My card number is 4216-***, expiry ** and CVV ***: How Bold Care co-founder’s ‘stunt’ may have broken ‘basic’ rule of RBI ‘Kehta Hai’

Earlier this week, Bold Care co-founder Rahul Krishnan shared his debit card details including expiry and CVV online. He went on to promise that he will also share OTPs for people to make transactions. “my card number is 4216-8701-5010-2349 the expiration date is 12/30 the security code is 207 happy sextember everyone! 🥳🥳,” wrote Krishnan in a post on X, formerly Twitter.He did set a transaction limit of less than Rs 1000.

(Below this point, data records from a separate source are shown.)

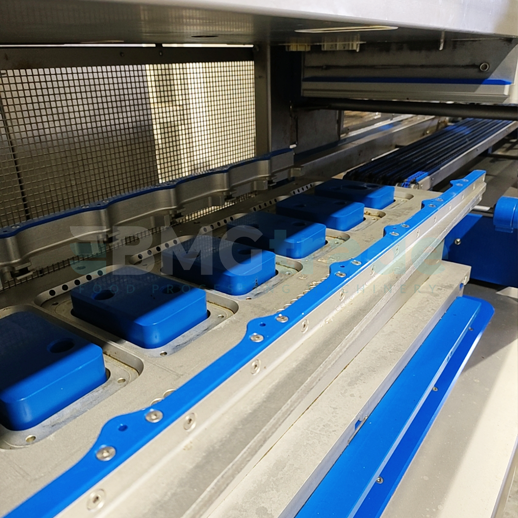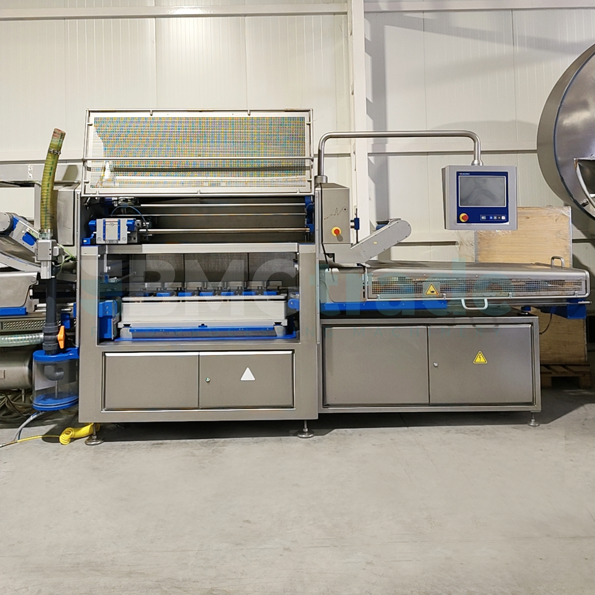 Maszyna pracuje w standardzie 400/230V 3Ph/N/PE, 50 Hz, o mocy 12 kW. Duża długość robocza (wymiary maszyny 11300 x 1100 x 2200 mm) oraz dwie taśmy transportowe zapewniają płynny przepływ produktów, a dwa wózki na formy ułatwiają szybką zmianę asortymentu i organizację pracy. Do zestawu dołączona jest pełna dokumentacja techniczna oraz komplet części zamiennych, co dodatkowo obniża koszty wdrożenia i serwisu.
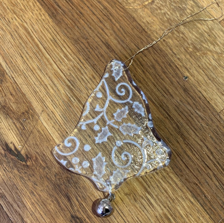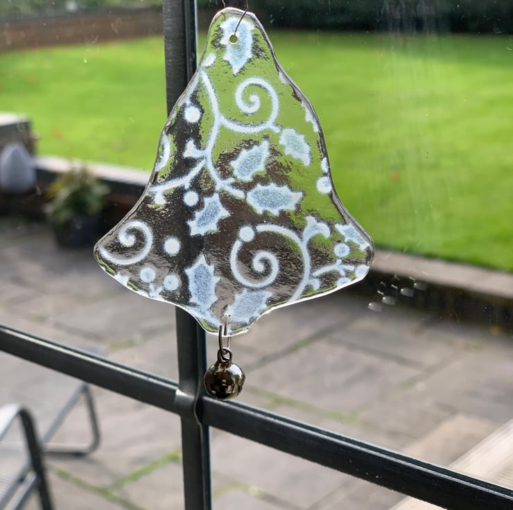A beautiful handmade fused glass embossed christmas decoration in the shape of a bell with small bell attachment.
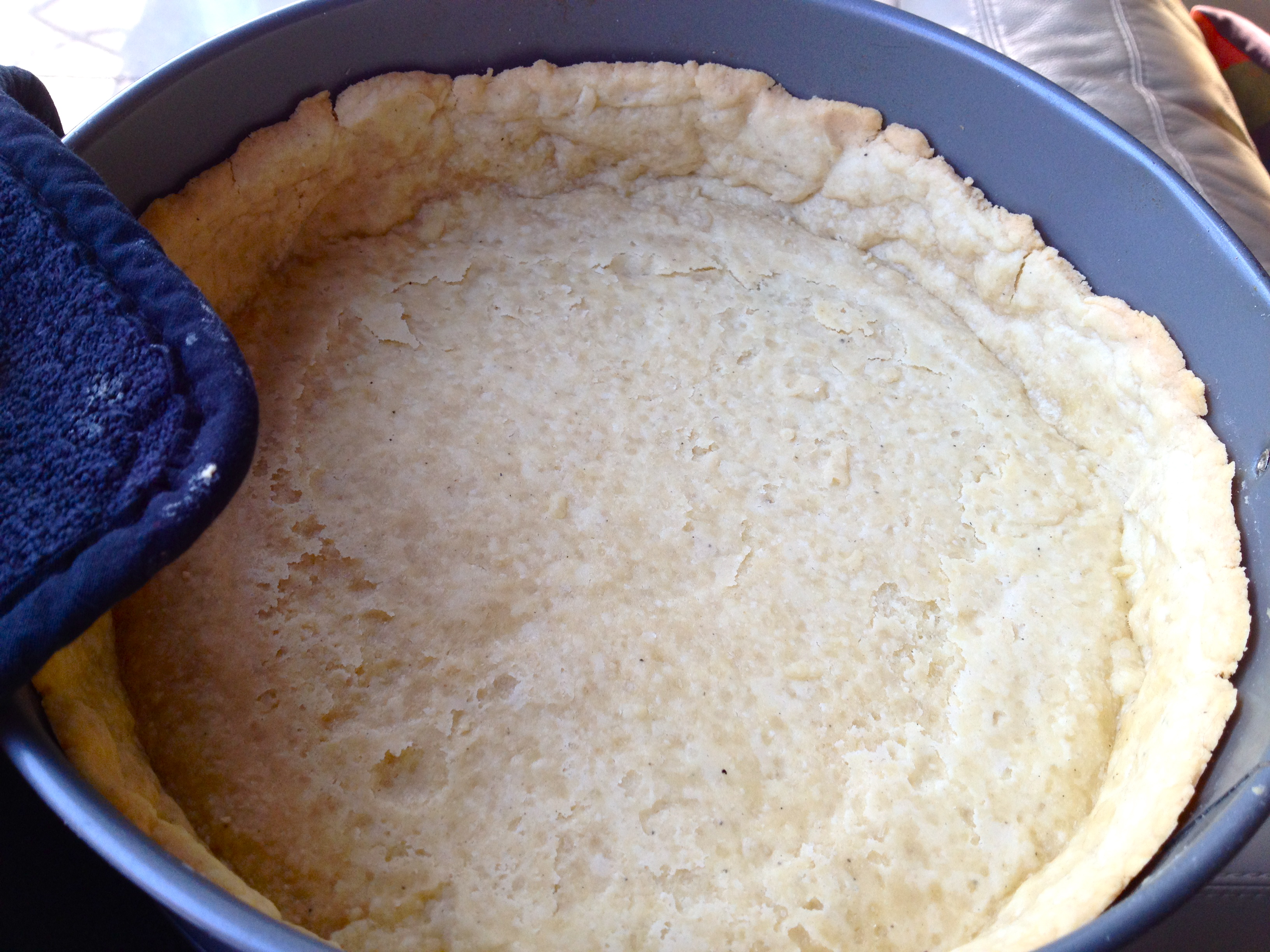 Bake the crust for 20 minutes, until just starting to turn golden. Remove from oven and remove the beans and parchment paper.
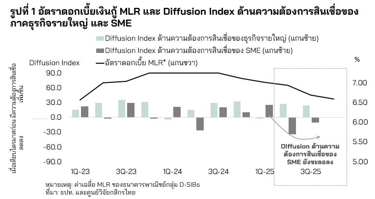 • พฤติกรรมผู้กู้ยังอยู่ในภาวะระมัดระวัง แม้ต้นทุนทางการเงินจะทยอยลดลง การปรับลดอัตราดอกเบี้ยแม้จะช่วยลดภาระต้นทุนการกู้ยืม แต่ในเชิงพฤติกรรมผู้กู้จำนวนมากยังคงชะลอการตัดสินใจก่อหนี้เพิ่มเติมซึ่งจะกลายเป็นภาระผูกพันระยะยาว โดยเฉพาะในกลุ่ม SME ที่การฟื้นตัวของรายได้มีความไม่แน่นอนกว่ากลุ่มธุรกิจรายใหญ่ สะท้อนจากดัชนี Diffusion Index ด้านความต้องการสินเชื่อของ SME ที่มีทิศทางชะลอลงตั้งแต่ช่วงกลางปี 2568 (รูปที่ 1) แม้อัตราดอกเบี้ยเงินกู้จะยังคงทยอยลดลง

Little doubt his post went viral. From the posts shared online, people used his the card details to make purchases of up to Rs 1,000 across online platforms: From Grofers to Swiggy, Amazon, Meesho and Zomato. There were also some who reportedly tried their luck at transactions bigger than Rs 1000, but yes didn’t succeed,
‘Santa Claus act’ vs “RBI Kehta Hai”
Rahul Krishnan has not revealed the reason behind his Santa Claus act or should we call it the ‘Bold stunt’. However, as many social media users pointed out in their comments: What appears to be a marketing campaign for Bold Care breached basic credit card security rules: Do not share Passwords, PIN, OTP, CVV, Card details with anyone
Since almost a decade India’s apex bank has been running a campaign “RBI Kehta Hai” which aims to sensitise bank users to NOT share their ATM/credit/debit card PINs, OTP, CVV and UPI-PIN with anyone whatsoever. While ‘RBI Kehta Hai’ is an initiative of the Reserve Bank of India to educate the public about its regulations which are aimed at enhancing the quality of customer service in Banks, one of its key message is also to make banking customers aware against financial frauds.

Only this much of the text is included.